The position calculation module 320 calculates respective two-dimensional position information or three-dimensional position information for the markers. That is, as shown in Figure 6, a pair of lighting units, that is, lighting units 1 and 2 (I ₁ , I ₂ ) are mounted on the frame of the display device at right angles to each other, or lighting units 3 and 4 When (I ₃ , I ₄ ) are mounted on the frame of the display device at right angles to each other, when the optical signals irradiated from the pair of two lighting units are respectively received from the armor marker unit 200, The position calculation module 320 may check the position of each marker in two-dimensional coordinates in a two-dimensional space. Meanwhile, two pairs of lighting units, that is, lighting units 1 and 2 (I ₁ , I ₂ ) and lighting units 3 and 4 (I ₃ , I ₄ ) are mounted on the frame of the display device at right angles to each other. On the other hand, when receiving the light signals respectively irradiated from the pair of four lighting units from the armor marker unit 200, the position calculation module 320 is a three-dimensional coordinates on the three-dimensional space for the position of each marker You can check with

The wireless transmission module 330 wirelessly transmits the position information of each marker calculated by the position calculation module 320 to the display apparatus. To this end, the wireless transmission module 330 is provided with a wireless transmission and reception signal sensor for the wireless transmission of location information.

The control module 340 controls the operations of each of the memory 310, the location calculation module 320, and the wireless transmission module 330.

The power supply module 350 supplies power for driving the position calculation module 320, the wireless transmission module 330, and the control module 340.
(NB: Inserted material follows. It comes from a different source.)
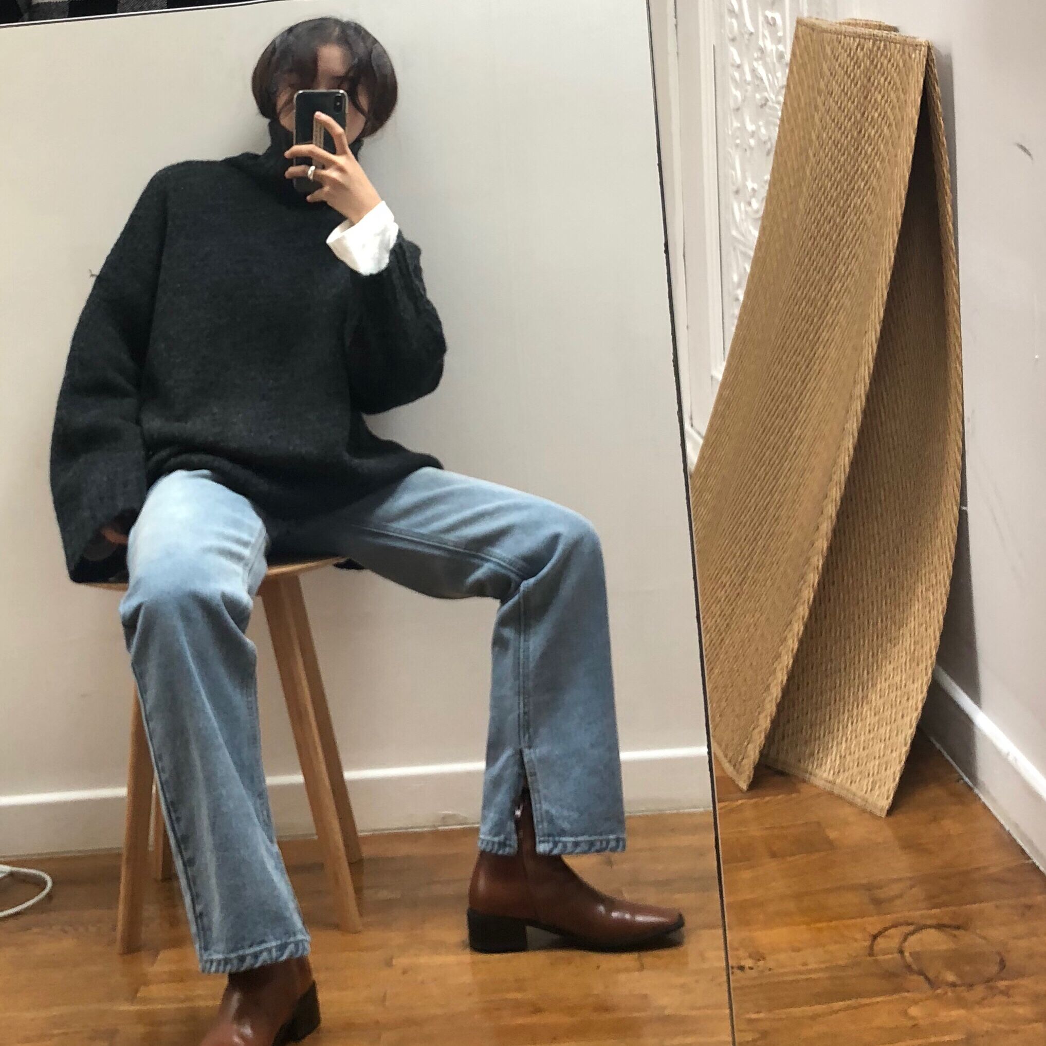 Lonslan Autumn - Winter - Autumn - Winter side open fork with lean jeans wide - loose pants female straight tube high
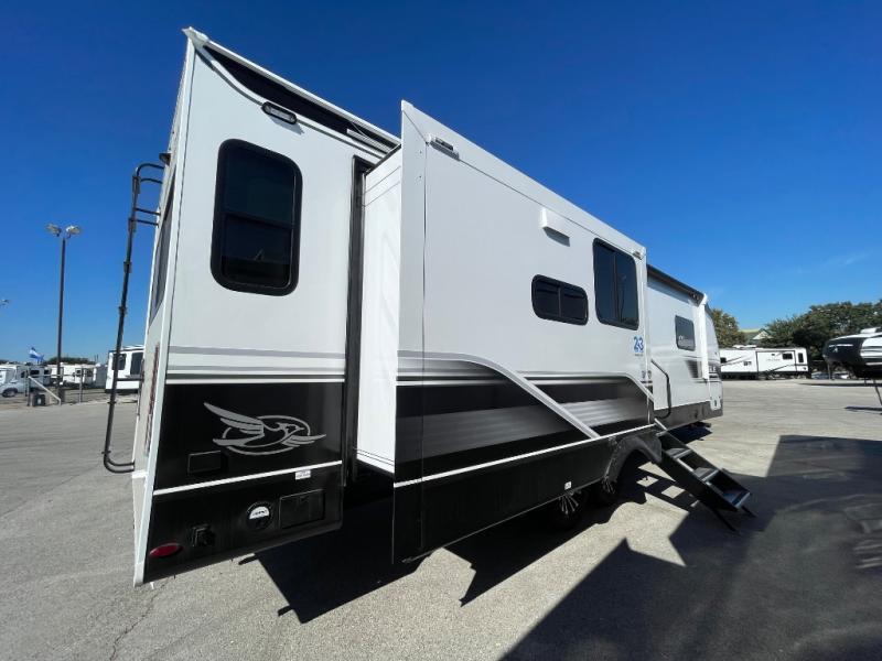With any Eagle HT fifth wheel or travel trailer by Jayco you will enjoy a smooth drive thanks to the 4 Star Handling Package and MORryde CRE-3000 rubberized suspension. The Customer Value Package includes amenities that are sure to make camping easier than ever, like the 60K on-demand water heater, Keyed-Alike lock system, 15,000 BTU "Whisper Quiet" A/C, and more. Handcrafted door/drawer fronts will make your space feel more like home, along with residential vinyl flooring throughout, GE appliances, and blackout roller shades with reflective side throughout to keep the sun out when you want to sleep in. Each model also includes a NuVo H2O water treatment system with filters included, interior and exterior "Blue Sync" audio connect with MB Quart Sound for your TV and phone, and 100% no floor vents for added comfort and convenience!

The display apparatus transmits a response signal in the display apparatus according to the position recognition to the glove apparatus for hand gesture recognition and interaction in response to the position information transmitted from the position information output unit 300. Then, the haptic performing unit 400 provided with the glove marker unit 200 performs a tactile perception operation in response to the response signal from the display device according to the transmission of the position information. The tactile perception motion refers to an operation that allows the user to feel the touch by generating vibration, force, or impact on the glove device. For example, when the user performs an interaction operation of touching a virtual ball, when the haptic performer 400 receives a displacement value in the form of a ball, the haptic performer 400 may determine a tactile module that is proportional to the displacement amount. The mechanical value is transmitted to the user through the current value, giving the user a feeling similar to touching a real ball.

14 is a flowchart of an embodiment for explaining a method for hand gesture recognition and interaction according to the present invention.
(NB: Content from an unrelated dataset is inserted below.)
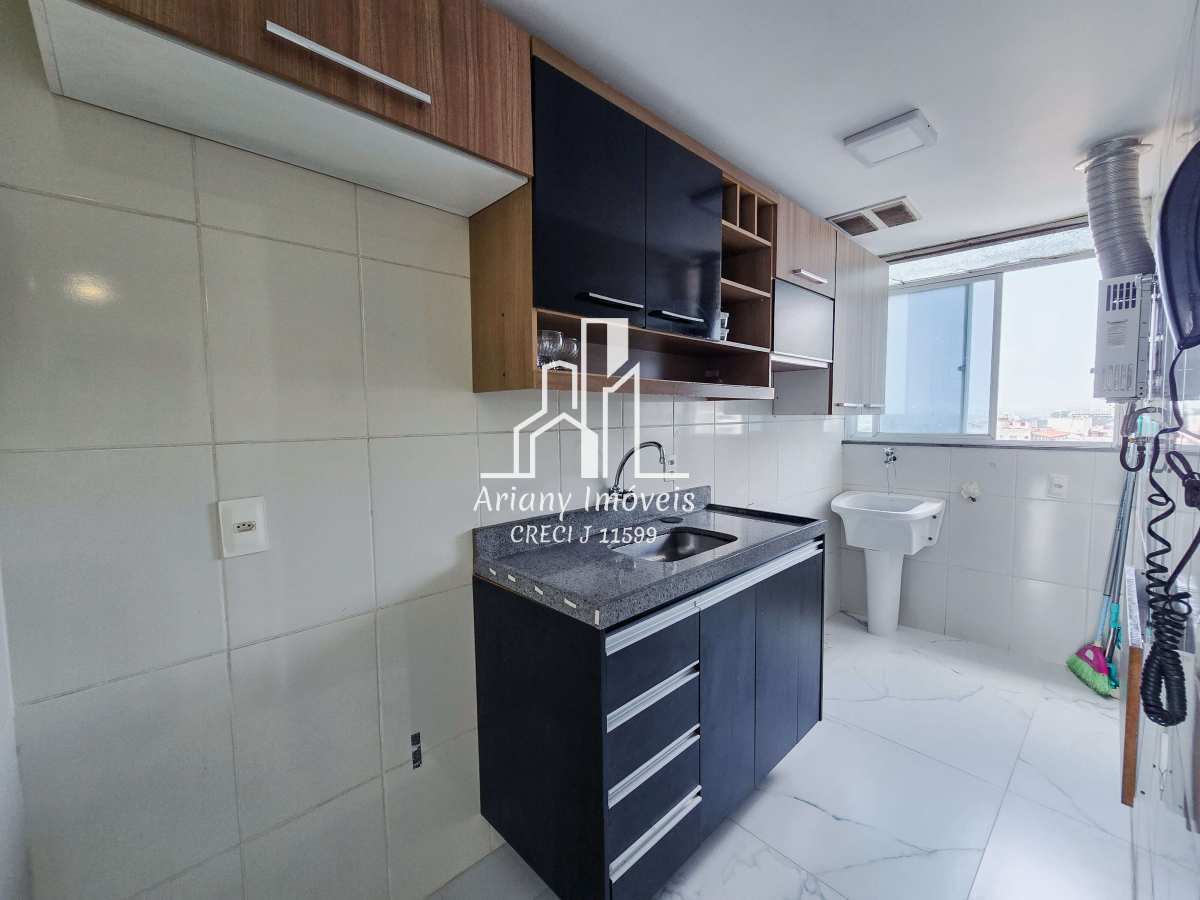 Sala em dois ambientes, varanda, cozinha com área de serviço, banheiro e dois quartos

The lighting unit having k (k is a natural number greater than or equal to 1) light units each of which is mounted on the display device and irradiates n (n is a natural number greater than or equal to 1) optical signals that are spatially divided into different patterns. Each of the optical signals is irradiated (operation 400).

Each lighting unit constituting the lighting unit includes n lighting elements that emit optical signals that are spatially divided in different patterns, and the lighting elements each include a light source and a space dividing element. In addition, it includes n illumination polarization filters or n illumination bandpass filters. The n light sources irradiate light sources of different wavelength bands, respectively. Since the n illumination polarization filters are optical filters that pass only linearly polarized light in a specific direction, only the specific polarized light is filtered out for the light emitted from the light source. On the other hand, the illumination elements may be provided with n illumination bandpass filters instead of the illumination polarization filters, respectively, since the illumination bandpass filters correspond to optical filters having only a specific wavelength band as a pass band, and thus are specific to light emitted from the light source. Filter by the light of the wavelength band and output. The n space dividing elements are respectively disposed on the light exit sides of the n light sources to spatially divide the light emitted from the light sources into different patterns.
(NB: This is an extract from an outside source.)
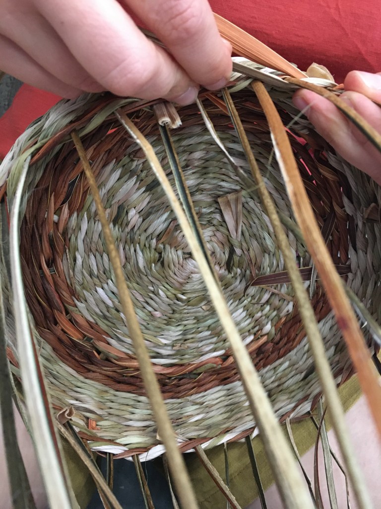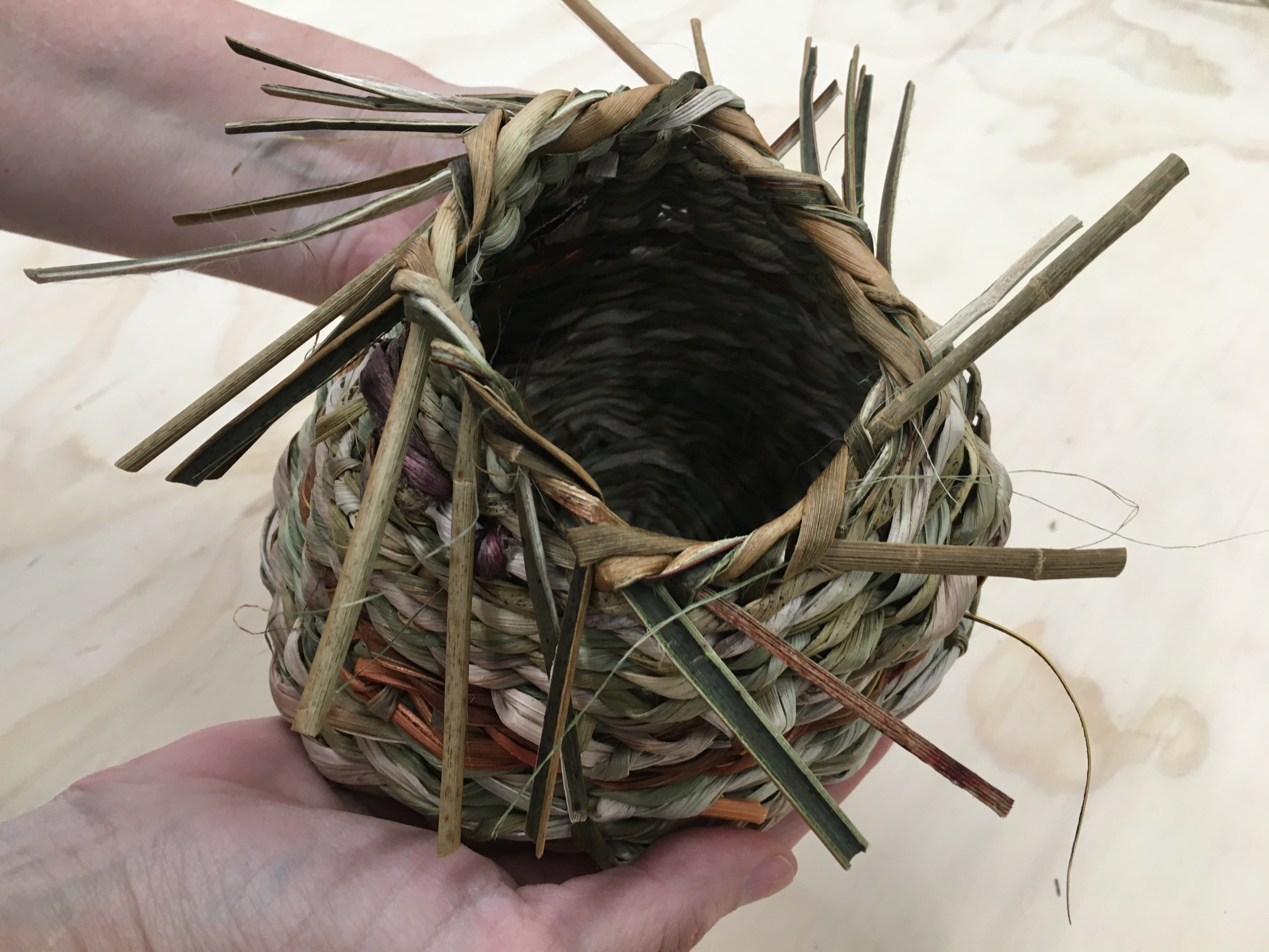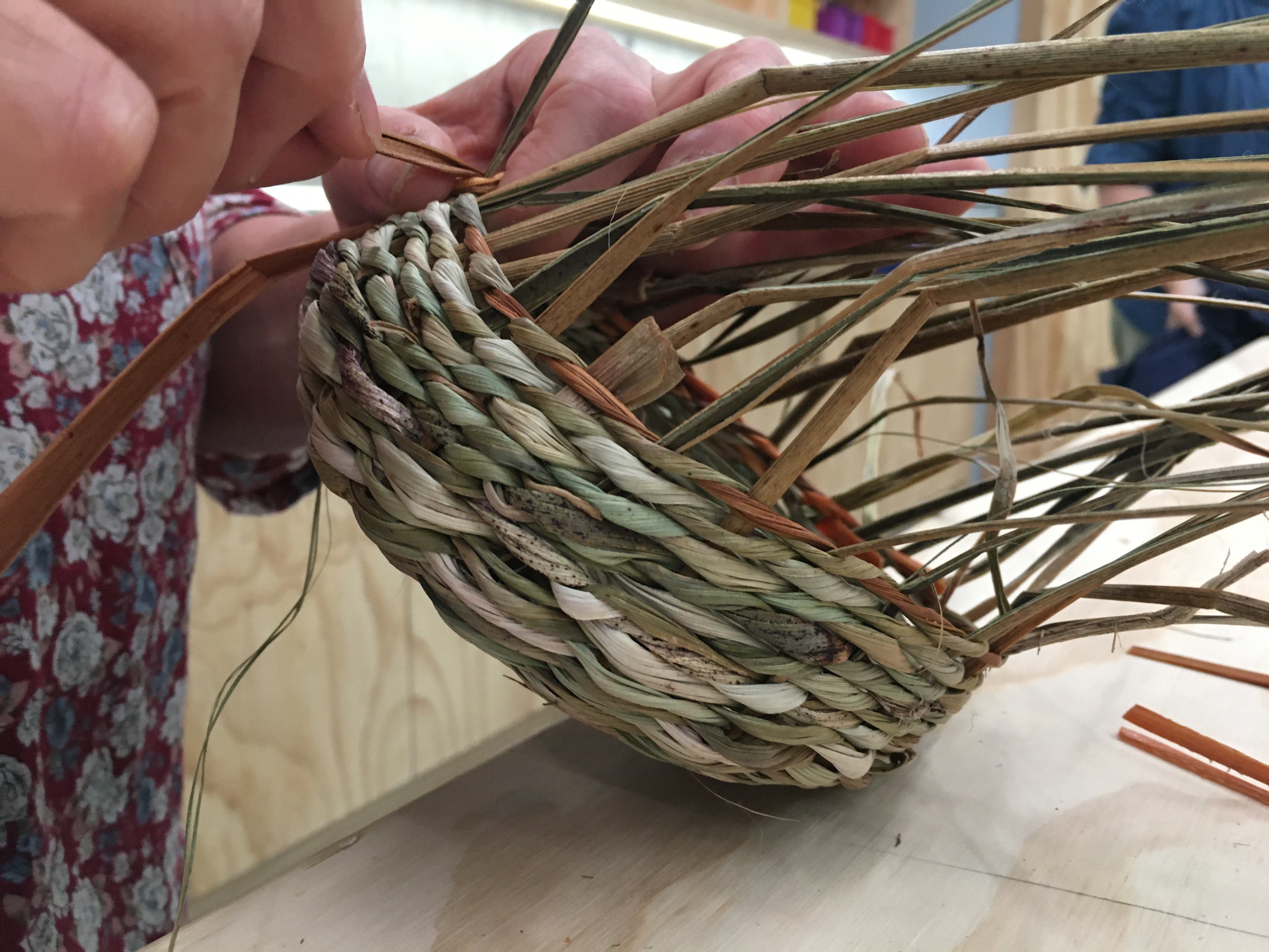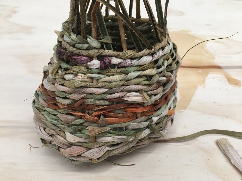 Yesterday I was at the Rare Trades Centre in Ballarat teaching a group to weave twined baskets. Twining is the twisting of 2 soft and flexible weavers around several more rigid and stationary stakes. The participants used split flax for the stakes and red hot poker for the weavers. The addition of Watsonia created lovely red bands of weaving. For those who would like to collect Watsonia for their baskets, the time to do so is now! Or soon! I went to Daylesford (in Victoria) on Thursday and collected a bunch of leaves that had recently dried on the plant to a red colour. If picked green leaves will dry to a brown gold. If left too long they will deteriorate and weather to a grey colour.

The n illumination elements constituting the illumination unit irradiate n optical signals spatially divided in different patterns with the armor marker portion at the same time. On the other hand, the k lighting units are irradiated with a glove marker unit a plurality of light signals sequentially from each other. That is, the plurality of lighting elements in the unit lighting unit is irradiated with light at the same time, and outputs a plurality of optical signals that are spatially divided in different patterns, and between the lighting unit k from the lighting unit 1 that is not simultaneously with each other between the k lighting units In order to irradiate the optical signal to the armor marker portion sequentially.

After operation 400, an armored marker unit having m (m is a natural number greater than or equal to 1) markers each having the shape of a glove and detecting the optical signals emitted from the illumination unit detects the optical signals, respectively. Step 402).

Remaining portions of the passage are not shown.